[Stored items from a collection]
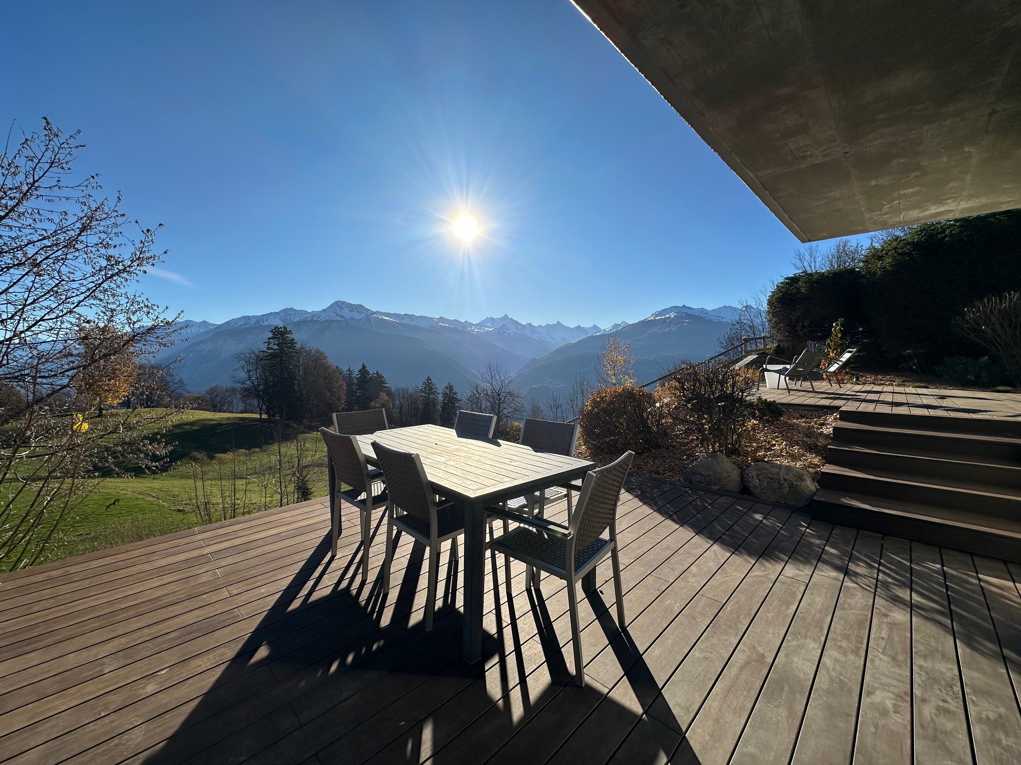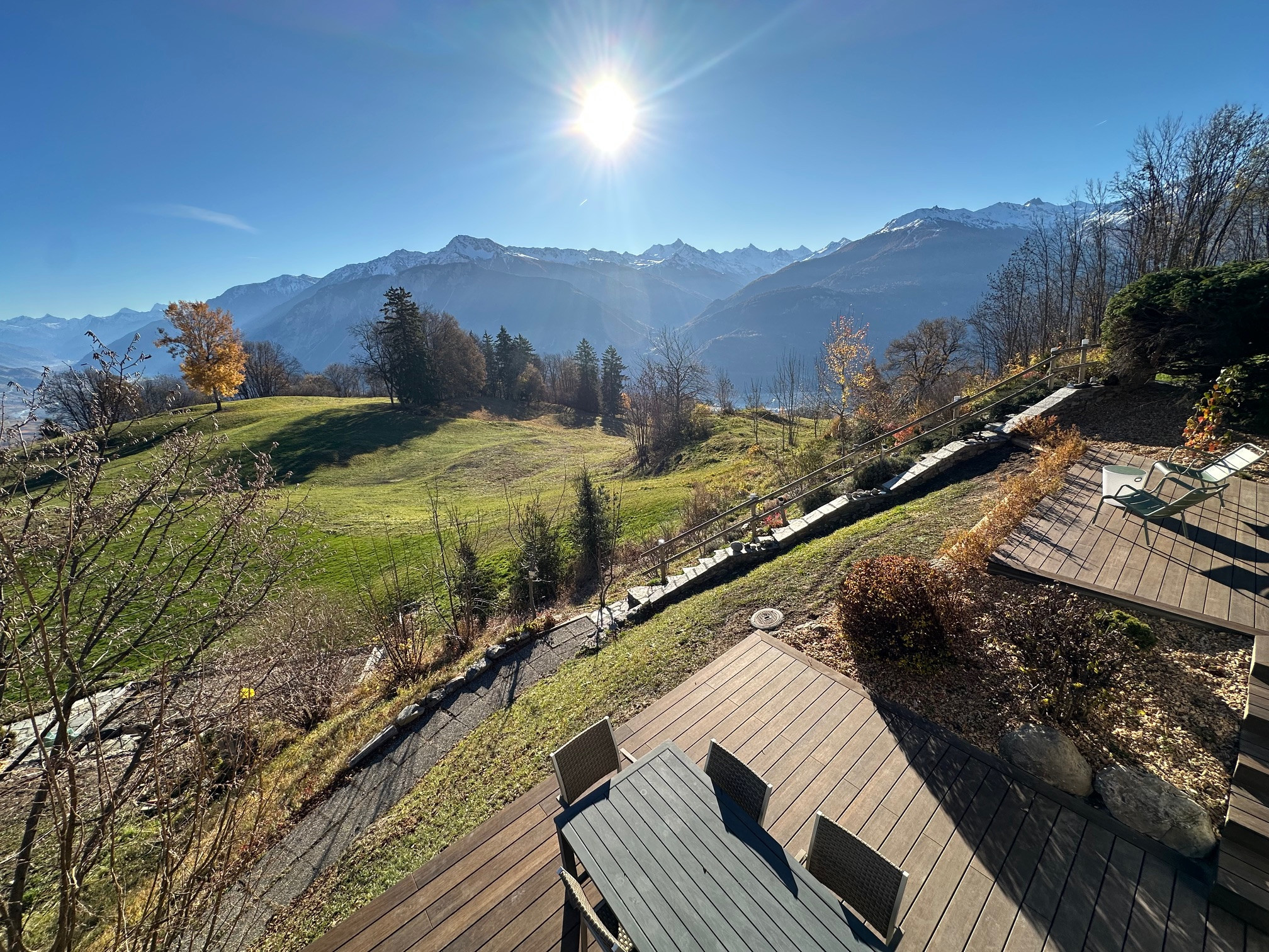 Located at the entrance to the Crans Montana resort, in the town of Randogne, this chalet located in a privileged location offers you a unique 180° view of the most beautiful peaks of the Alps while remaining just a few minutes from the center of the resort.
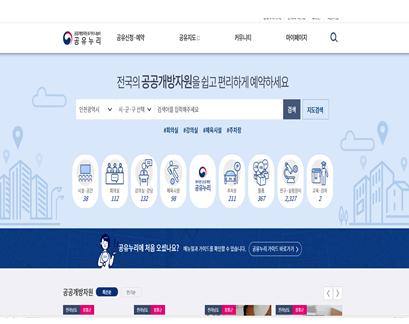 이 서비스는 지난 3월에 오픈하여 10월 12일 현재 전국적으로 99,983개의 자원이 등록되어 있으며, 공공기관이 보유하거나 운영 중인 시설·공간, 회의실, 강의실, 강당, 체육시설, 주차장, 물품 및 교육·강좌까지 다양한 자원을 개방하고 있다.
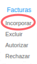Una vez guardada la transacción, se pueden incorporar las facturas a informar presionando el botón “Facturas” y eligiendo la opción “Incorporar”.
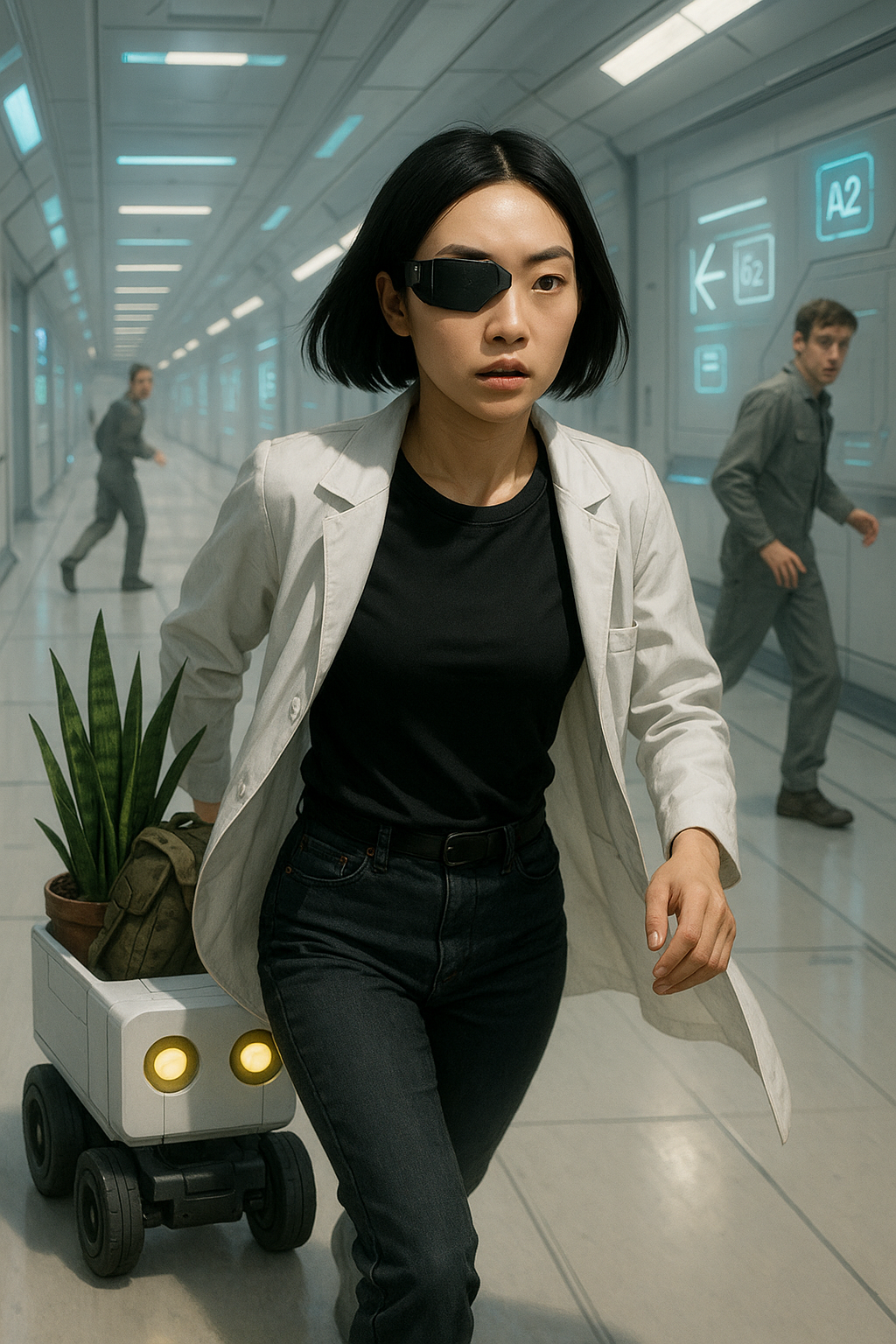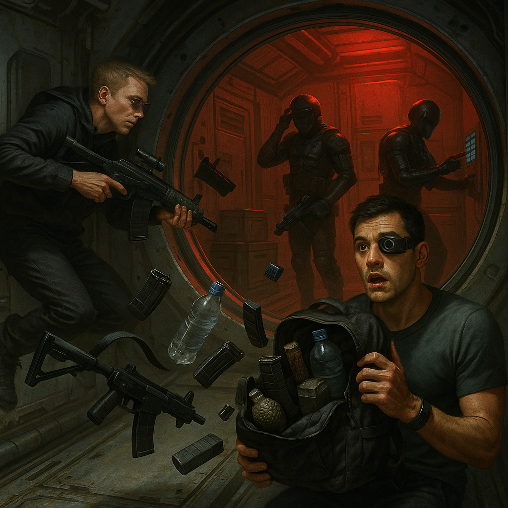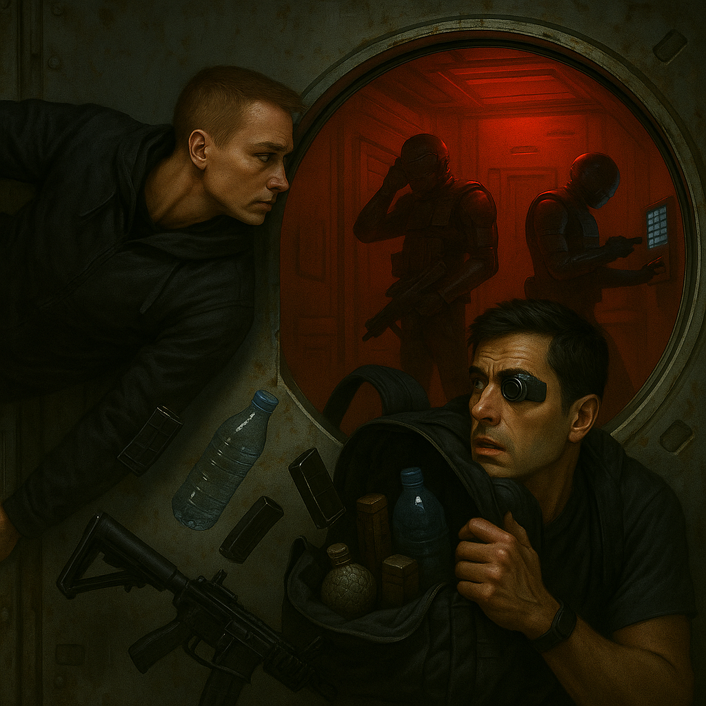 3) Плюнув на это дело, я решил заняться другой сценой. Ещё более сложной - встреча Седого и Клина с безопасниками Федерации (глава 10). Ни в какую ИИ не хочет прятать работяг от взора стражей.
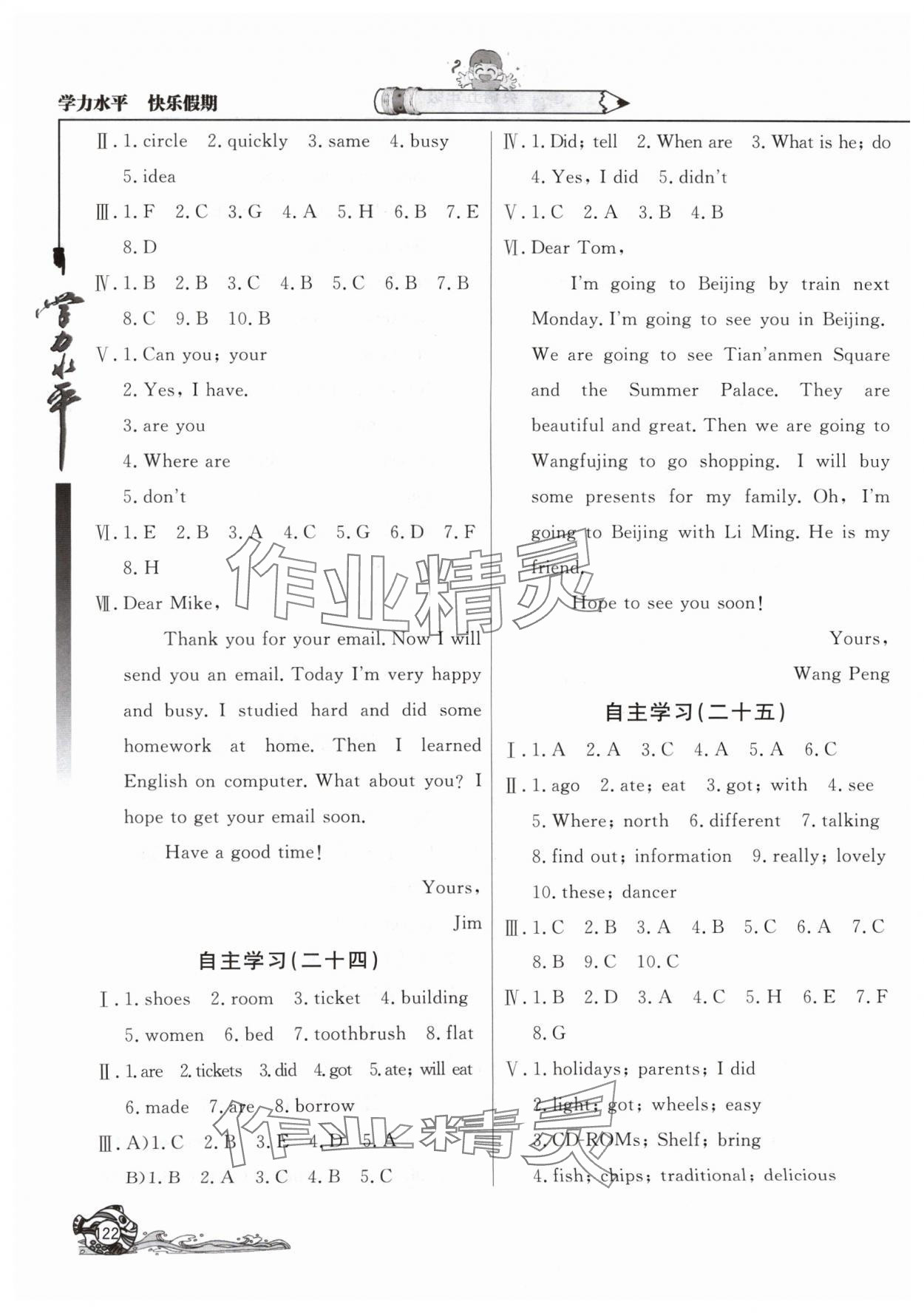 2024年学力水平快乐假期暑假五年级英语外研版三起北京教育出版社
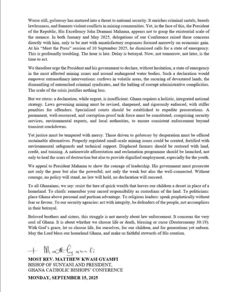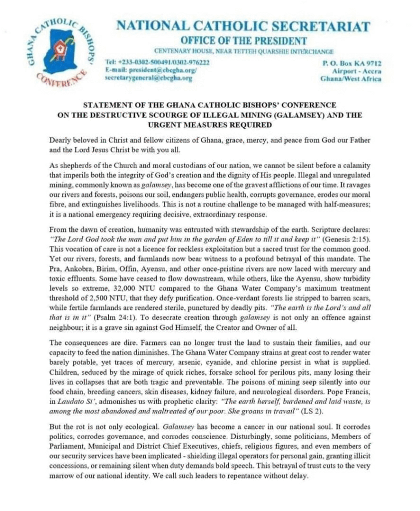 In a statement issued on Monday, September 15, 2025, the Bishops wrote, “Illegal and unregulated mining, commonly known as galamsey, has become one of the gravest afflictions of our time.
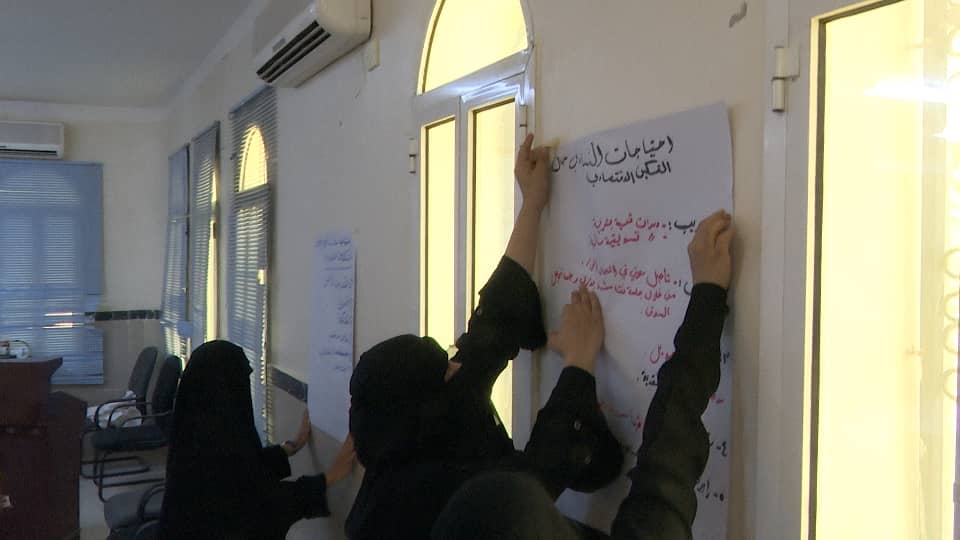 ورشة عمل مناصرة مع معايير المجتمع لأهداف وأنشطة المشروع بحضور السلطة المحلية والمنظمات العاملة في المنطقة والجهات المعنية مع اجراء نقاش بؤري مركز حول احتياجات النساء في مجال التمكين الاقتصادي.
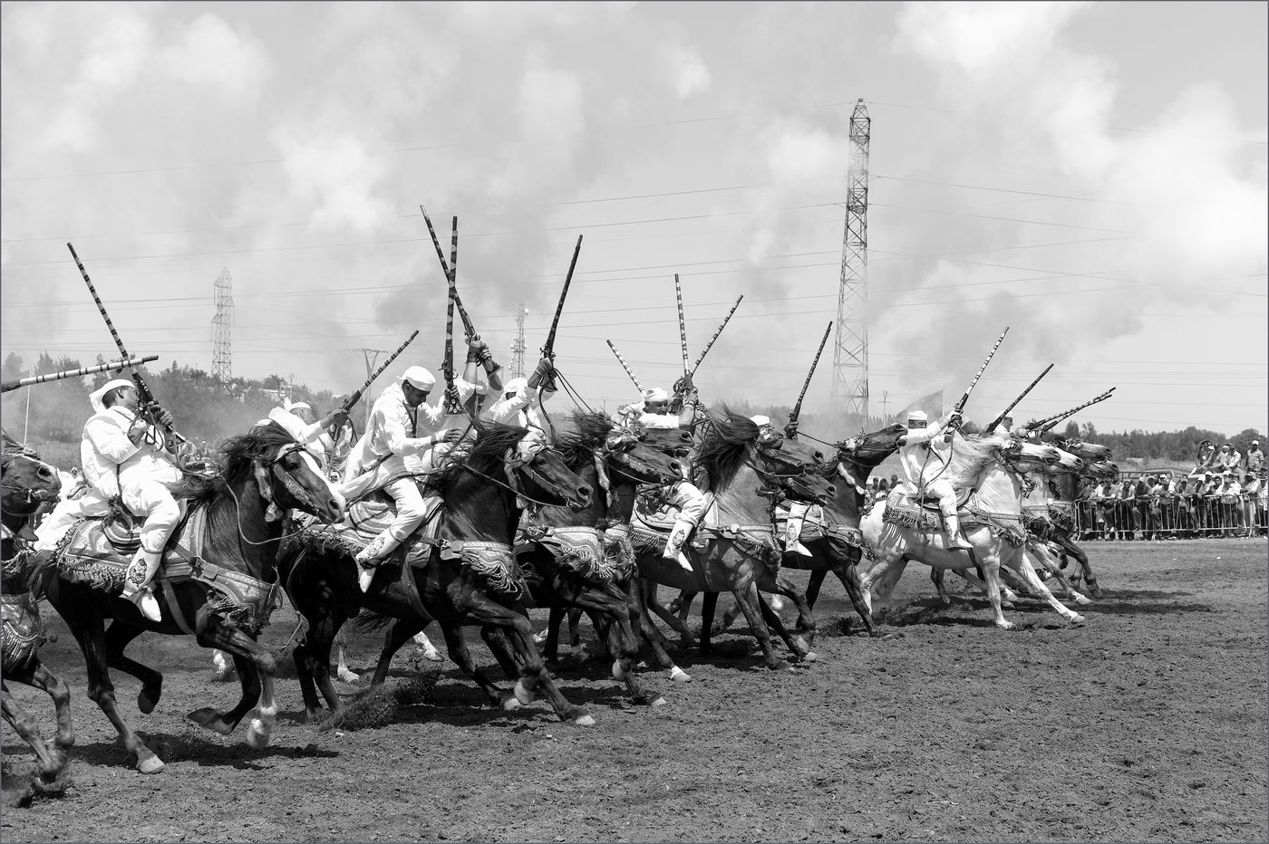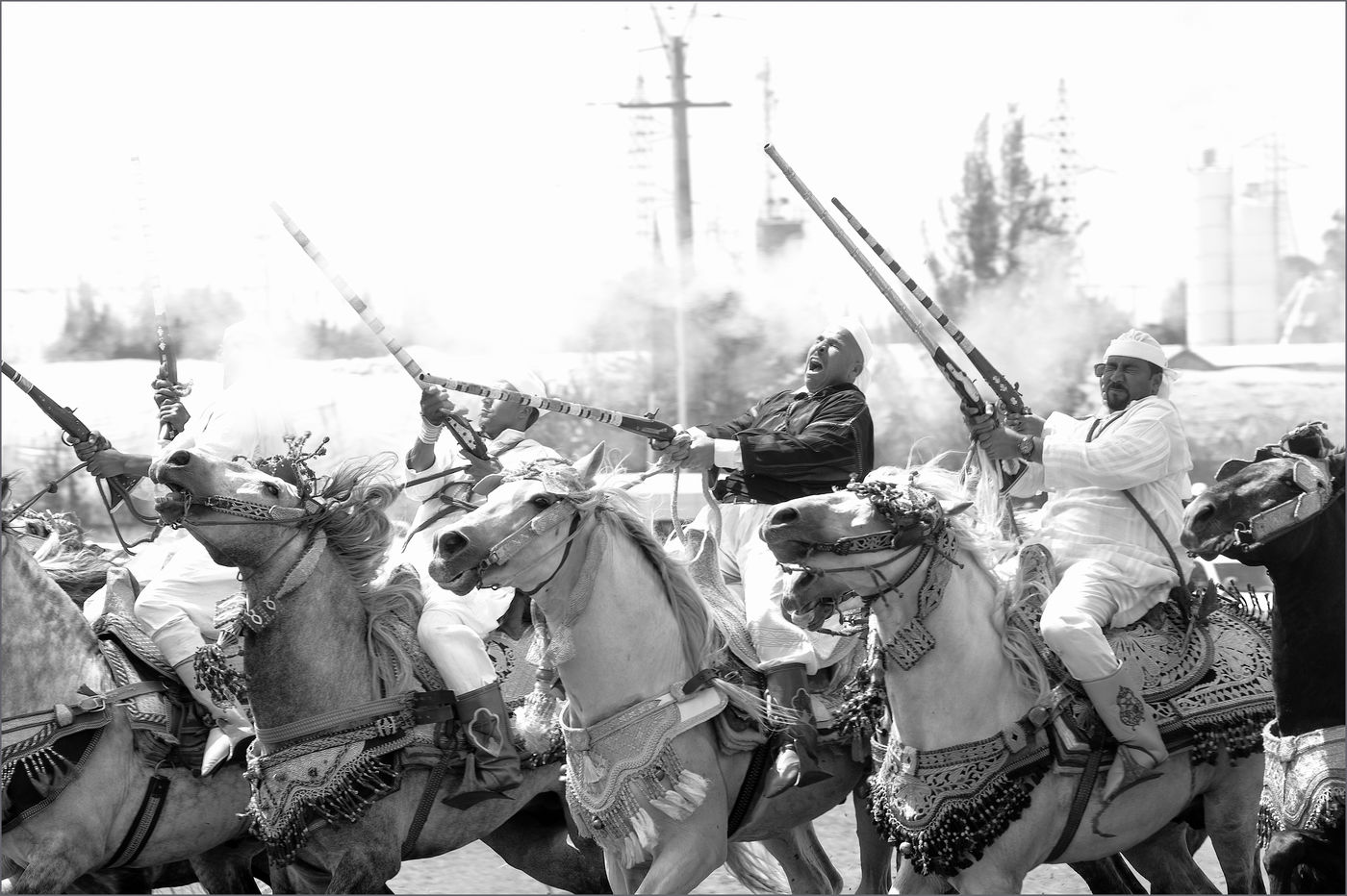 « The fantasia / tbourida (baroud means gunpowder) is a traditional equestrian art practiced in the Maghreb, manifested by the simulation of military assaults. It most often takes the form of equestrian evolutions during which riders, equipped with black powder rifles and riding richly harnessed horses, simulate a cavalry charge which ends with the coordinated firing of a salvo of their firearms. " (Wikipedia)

Work to complete | The entries above need to be repeated word for word, minus their pictures.

Answer to this exercise |
 Located at the entrance to the Crans Montana resort, in the town of Randogne, this chalet located in a privileged location offers you a unique 180° view of the most beautiful peaks of the Alps while remaining just a few minutes from the center of the resort.
 이 서비스는 지난 3월에 오픈하여 10월 12일 현재 전국적으로 99,983개의 자원이 등록되어 있으며, 공공기관이 보유하거나 운영 중인 시설·공간, 회의실, 강의실, 강당, 체육시설, 주차장, 물품 및 교육·강좌까지 다양한 자원을 개방하고 있다.
Una vez guardada la transacción, se pueden incorporar las facturas a informar presionando el botón “Facturas” y eligiendo la opción “Incorporar”.
 3) Плюнув на это дело, я решил заняться другой сценой. Ещё более сложной - встреча Седого и Клина с безопасниками Федерации (глава 10). Ни в какую ИИ не хочет прятать работяг от взора стражей.
 2024年学力水平快乐假期暑假五年级英语外研版三起北京教育出版社
 In a statement issued on Monday, September 15, 2025, the Bishops wrote, “Illegal and unregulated mining, commonly known as galamsey, has become one of the gravest afflictions of our time.
 ورشة عمل مناصرة مع معايير المجتمع لأهداف وأنشطة المشروع بحضور السلطة المحلية والمنظمات العاملة في المنطقة والجهات المعنية مع اجراء نقاش بؤري مركز حول احتياجات النساء في مجال التمكين الاقتصادي.
 « The fantasia / tbourida (baroud means gunpowder) is a traditional equestrian art practiced in the Maghreb, manifested by the simulation of military assaults. It most often takes the form of equestrian evolutions during which riders, equipped with black powder rifles and riding richly harnessed horses, simulate a cavalry charge which ends with the coordinated firing of a salvo of their firearms. " (Wikipedia)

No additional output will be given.